Two null hypotheses are tested if you are placing one observation in each cell. For this example, those
hypotheses would be:
H01: All the income groups have equal mean stress.
H02: All the gender groups have equal mean stress.
For multiple observations in cells, you would also be testing a third hypothesis:
H03: The factors are independent or the interaction effect does not exist.
An F-statistic is computed for each hypothesis you are testing.

Assumptions for Two Way ANOVA


 The population must be close to a normal distribution.
 Samples must be independent.
 Population variances must be equal.
 Groups must have equal sample sizes.
Back to Top

What is MANOVA?
MANOVA is just an ANOVA with several dependent variables. It’s similar to many other tests
and experiments in that it’s purpose is to find out if the response variable (i.e. your dependent
variable) is changed by manipulating the independent variable. The test helps to answer many
research questions, including:
 Do changes to the independent variables have statistically significant effects on dependent
variables?
 What are the interactions among dependent variables?
 What are the interactions among independent variables?

MANOVA Example
Suppose you wanted to find out if a difference in textbooks affected students’ scores in
math and science. Improvements in math and science means that there are two dependent variables,
so a MANOVA is appropriate.
An ANOVA will give you a single (univariate) f-value while a MANOVA will give you a
multivariate F value. MANOVA tests the multiple dependent variables by creating new, artificial,
dependent variables that maximize group differences. These new dependent variables are linear
combinations of the measured dependent variables.

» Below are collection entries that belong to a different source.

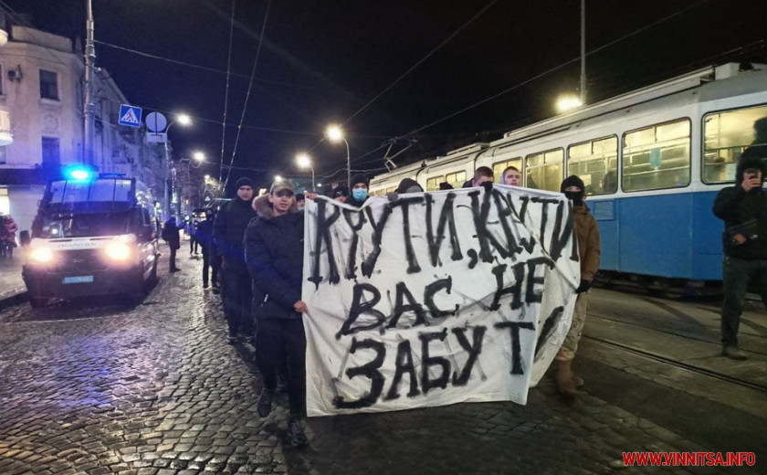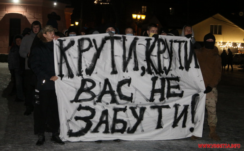 Ввечері 29 січня у Вінниці, понад 150 молодих людей вшанували пам'ять Героїв Крут. О 18 годині, центральною дорогою міста, вони вирушили від Вежі Артинова до пам’ятника Січовим стрільцям біля «Книжки». Їх супроводжували правоохоронці. Хода зайняла близько пів години.
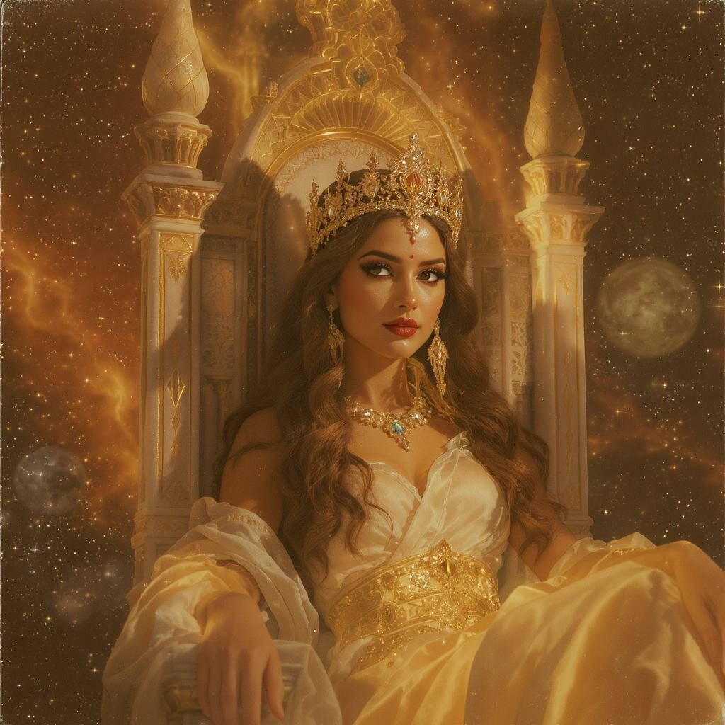 Stunning portrait of the exquisite Queen of the Cosmos, with sun-kissed skin, seated gracefully on an Ethereal Throne; the scene is bathed in warm tones and gentle lighting, embracing a 3D, sepia-toned ambiance akin to an analog photograph. The focus is on her radiant beauty, with a serene expression and an air of regal elegance. The surrounding atmosphere is harmonious and inviting, enhancing the captivating allure of this cosmic monarch.
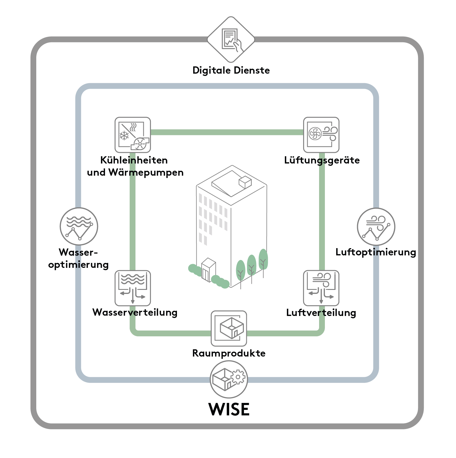 Bei Verwendung von WISE ist es im Grunde möglich, alle Bestandteile eines Klimasystems wie Lüftungsgeräte und Klimaprodukte zu steuern. Ergänzend kann WISE auch die Optimierung von Wasser und Luft steuern. Außerdem können digitale Dienste hinzugefügt werden, mit deren Hilfe Produkt- und Immobiliendaten visualisiert und verwaltet werden können.
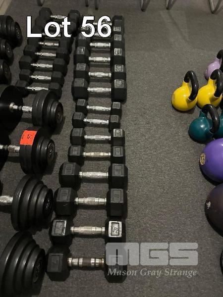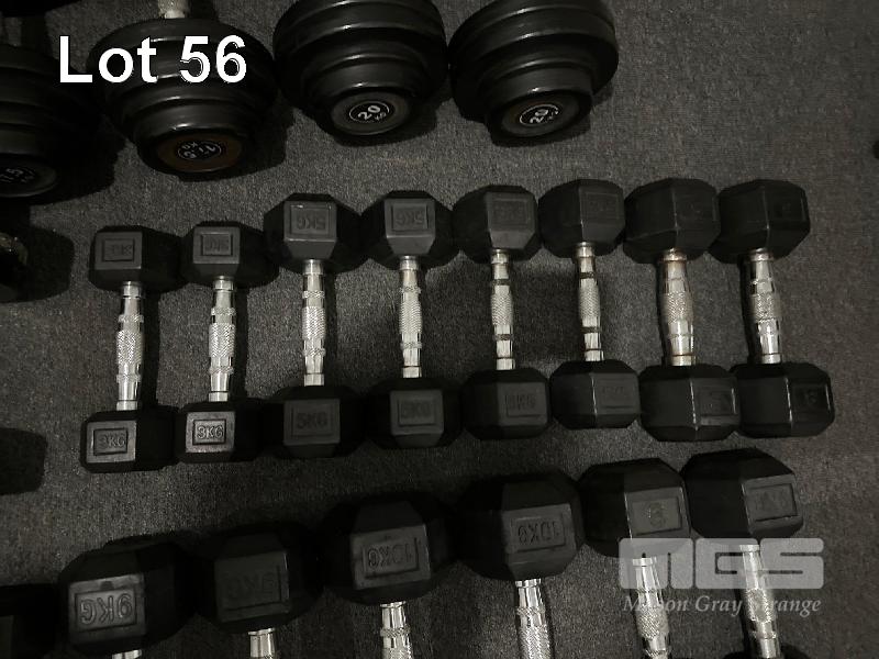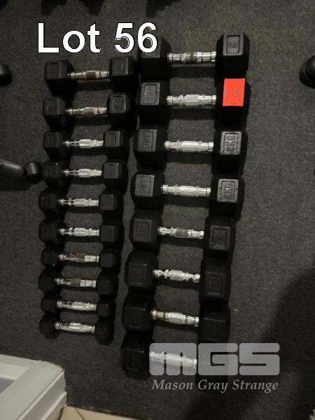 40 x RUBBER COATED DUMBBELLS, 1kg - 9kg

Interpreting the MANOVA results


If the multivariate F value indicates the test is statistically significant, this means that something is
significant. In the above example, you would not know if math scores have improved, science scores
have improved (or both). Once you have a significant result, you would then have to look at each
individual component (the univariate F tests) to see which dependent variable(s) contributed to the
statistically significant result.

Advantages and Disadvantages of


MANOVA vs. ANOVA
Advantages
1. MANOVA enables you to test multiple dependent variables.
2. MANOVA can protect against Type I errors.

Disadvantages
1. MANOVA is many times more complicated than ANOVA, making it a challenge to see
which independent variables are affecting dependent variables.
2. One degree of freedom is lost with the addition of each new variable.
3. The dependent variables should be uncorrelated as much as possible. If they are correlated,
the loss in degrees of freedom means that there isn’t much advantages in including more than
one dependent variable on the test.
Reference:
(SFSU)
Back to Top

What is Factorial ANOVA?


A factorial ANOVA is an Analysis of Variance test with more than one independent variable, or
“factor“. It can also refer to more than one Level of Independent Variable. For example, an
experiment with a treatment group and a control group has one factor (the treatment) but two levels
(the treatment and the control). The terms “two-way” and “three-way” refer to the number of factors
or the number of levels in your test. Four-way ANOVA and above are rarely used because the results
of the test are complex and difficult to interpret.
 A two-way ANOVA has two factors (independent variables) and one dependent variable. For
example, time spent studying and prior knowledge are factors that affect how well you do on a
test.
 A three-way ANOVA has three factors (independent variables) and one dependent variable.
For example, time spent studying, prior knowledge, and hours of sleep are factors that affect
how well you do on a test
Factorial ANOVA is an efficient way of conducting a test. Instead of performing a series of
experiments where you test one independent variable against one dependent variable, you can test all
independent variables at the same time.

Variability
In a one-way ANOVA, variability is due to the differences between groups and the differences within
groups. In factorial ANOVA, each level and factor are paired up with each other (“crossed”). This
helps you to see what interactions are going on between the levels and factors. If there is an
interaction then the differences in one factor depend on the differences in another.
Let’s say you were running a two-way ANOVA to test male/female performance on a final exam. The
subjects had either had 4, 6, or 8 hours of sleep.

 IV1: SEX (Male/Female)


 IV2: SLEEP (4/6/8)
 DV: Final Exam Score
A two-way factorial ANOVA would help you answer the following questions:
1. Is sex a main effect? In other words, do men and women differ significantly on their exam
performance?
2. Is sleep a main effect? In other words, do people who have had 4,6, or 8 hours of sleep differ
significantly in their performance?
3. Is there a significant interaction between factors? In other words, how do hours of sleep and
sex interact with regards to exam performance?
4. Can any differences in sex and exam performance be found in the different levels of sleep?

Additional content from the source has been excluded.